__Work task__.
With the line containing "El chaleco de" as the start and the line containing "Get rubber flooring" as the end, transcribe that span of the entries below exactly, including both.

--- Provided data Enclosed Below ---

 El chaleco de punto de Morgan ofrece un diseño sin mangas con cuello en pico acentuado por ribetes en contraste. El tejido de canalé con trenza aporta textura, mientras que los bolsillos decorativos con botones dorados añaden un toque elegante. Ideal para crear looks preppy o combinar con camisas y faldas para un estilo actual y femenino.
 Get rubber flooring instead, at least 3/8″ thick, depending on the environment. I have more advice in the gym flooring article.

--- End of Enclosed Provided data ---
--- Provided data Enclosed Below ---

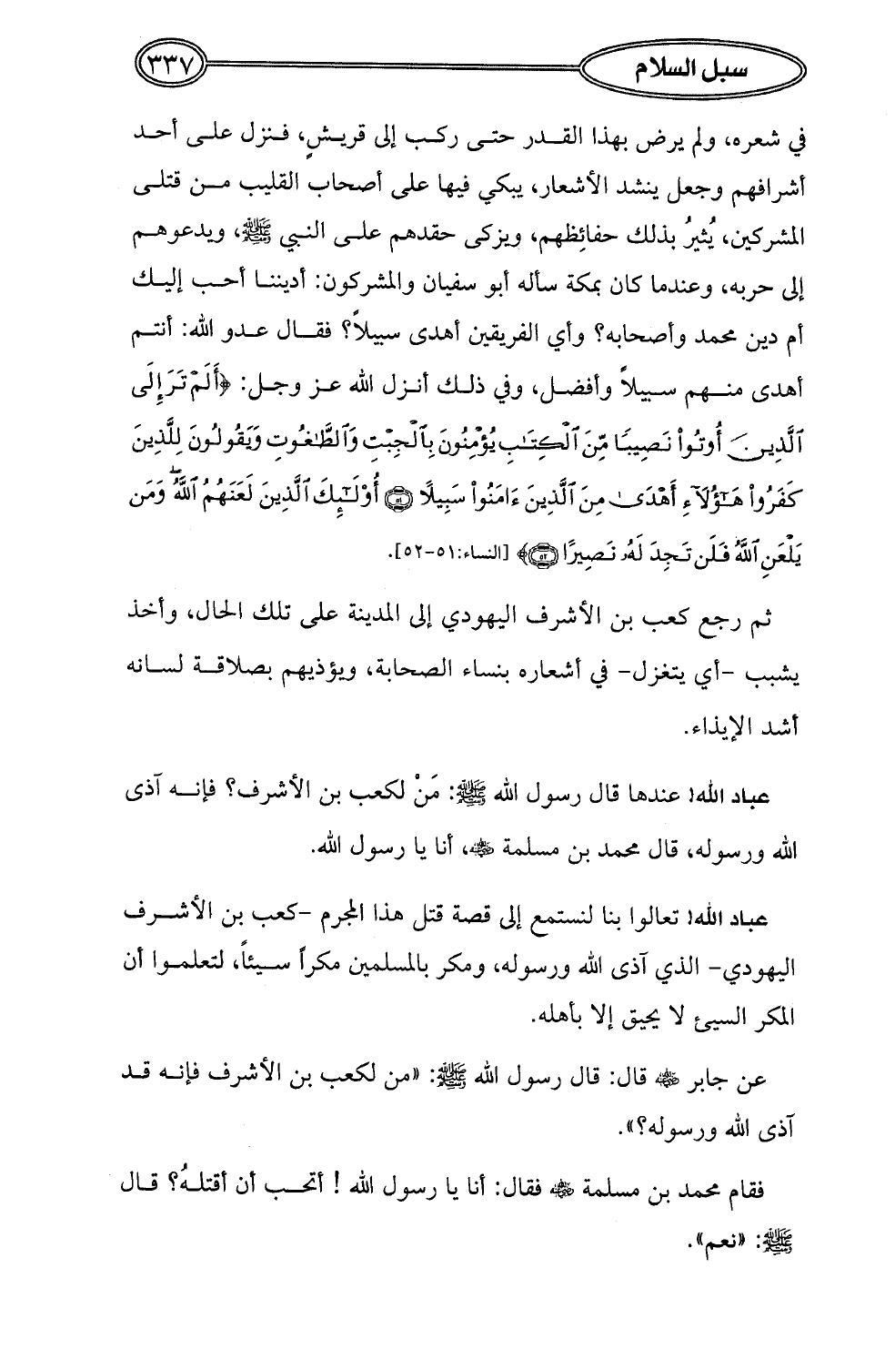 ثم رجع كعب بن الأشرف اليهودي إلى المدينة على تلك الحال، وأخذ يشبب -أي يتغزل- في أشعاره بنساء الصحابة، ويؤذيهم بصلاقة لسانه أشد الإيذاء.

--- End of Enclosed Provided data ---
--- Provided data Enclosed Below ---

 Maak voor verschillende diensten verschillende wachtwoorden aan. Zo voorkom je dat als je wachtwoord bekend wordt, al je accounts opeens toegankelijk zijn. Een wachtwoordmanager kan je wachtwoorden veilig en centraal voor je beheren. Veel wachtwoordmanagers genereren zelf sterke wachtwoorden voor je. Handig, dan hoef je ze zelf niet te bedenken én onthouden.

--- End of Enclosed Provided data ---

__Solution to this task__.
 El chaleco de punto de Morgan ofrece un diseño sin mangas con cuello en pico acentuado por ribetes en contraste. El tejido de canalé con trenza aporta textura, mientras que los bolsillos decorativos con botones dorados añaden un toque elegante. Ideal para crear looks preppy o combinar con camisas y faldas para un estilo actual y femenino.
 Get rubber flooring instead, at least 3/8″ thick, depending on the environment. I have more advice in the gym flooring article.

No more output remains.